PROBLEM DETAILS: From the line that contains "преподавателя вокала Дмитриеву" down to the last line of the entries, repeat every line exactly. Do not carry over the pictures.
%%
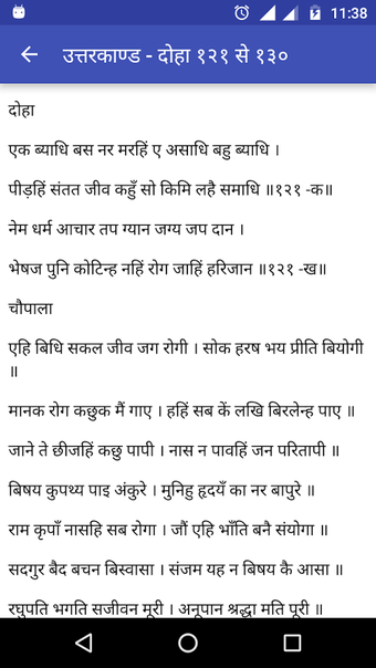 이 시에서 Goswami Tulsidas는 라마야나의 일곱 칸다를 히말라야 호수의 성수로 이어지는 일곱 계단에 비유했습니다. 칸다는 우아하게 구조화된 일련의 연으로, 각 연에는 라마야나의 사건을 설명하는 직유가 포함되어 있습니다.
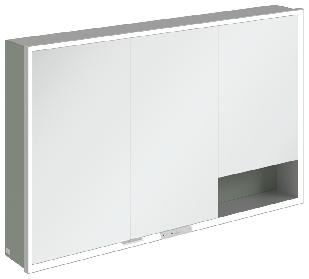 V&B Spiegelschrank My View + 120 x 75 x 16,8 cm, Soft Green, LED-Beleuchtung, Aluminium silber matt eloxiert
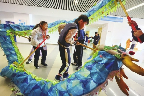 在三林镇的爱心寒托班孩子们体验到独具特色的传统民俗文化——三林舞龙。
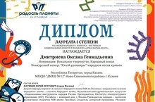 преподавателя вокала Дмитриеву Оксану Геннадьевну - Лауреата 1 степени.
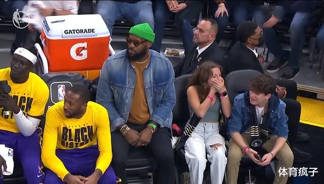 詹姆斯也确确实实是一个流量大户,即使没有登场比赛,但是全场的聚光灯还是对准了詹姆斯,詹姆斯的一举一动都能成为热搜话题,包括他的穿搭也能引起外界的关注。坐在詹姆斯旁边的人也因为詹姆斯的存在成为媒体的焦点,比如说今天坐在詹姆斯身边的小女孩,詹姆斯到来时她一脸惊讶的表情,这个细节也是被媒体给捕捉到了。马上小女孩的视频出现在了互联网当中。
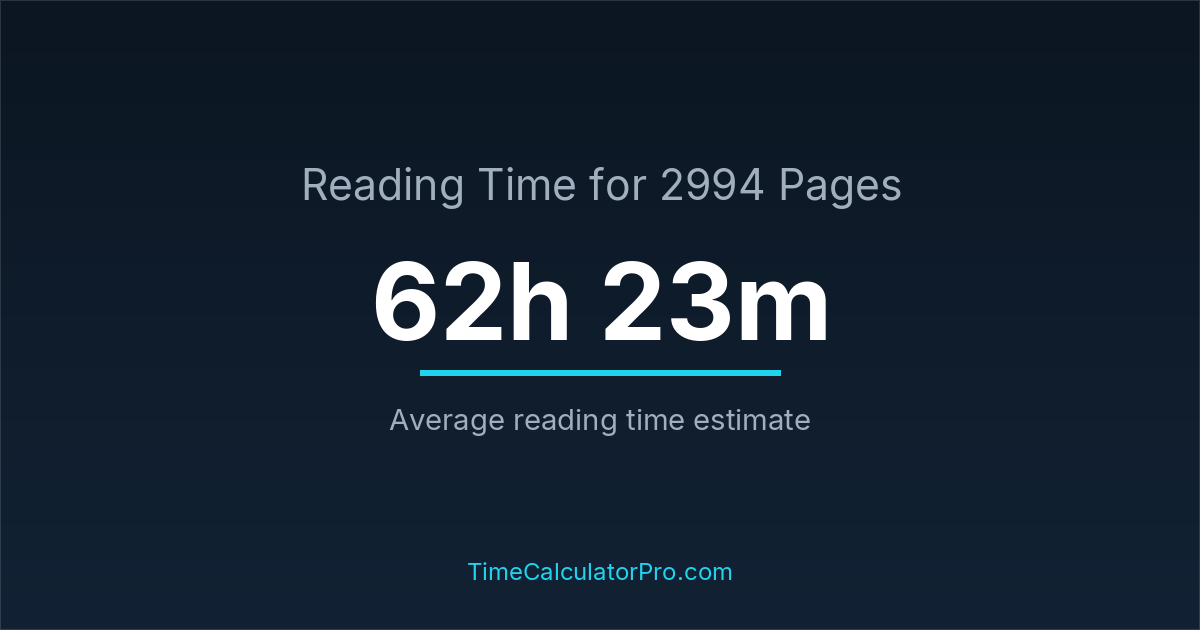 The average reading time for 2994 pages is about 62 hours and 23 minutes, but this can change depending on the difficulty of the text.
%%
TASK RESULT:
 преподавателя вокала Дмитриеву Оксану Геннадьевну - Лауреата 1 степени.
 詹姆斯也确确实实是一个流量大户,即使没有登场比赛,但是全场的聚光灯还是对准了詹姆斯,詹姆斯的一举一动都能成为热搜话题,包括他的穿搭也能引起外界的关注。坐在詹姆斯旁边的人也因为詹姆斯的存在成为媒体的焦点,比如说今天坐在詹姆斯身边的小女孩,詹姆斯到来时她一脸惊讶的表情,这个细节也是被媒体给捕捉到了。马上小女孩的视频出现在了互联网当中。
 The average reading time for 2994 pages is about 62 hours and 23 minutes, but this can change depending on the difficulty of the text.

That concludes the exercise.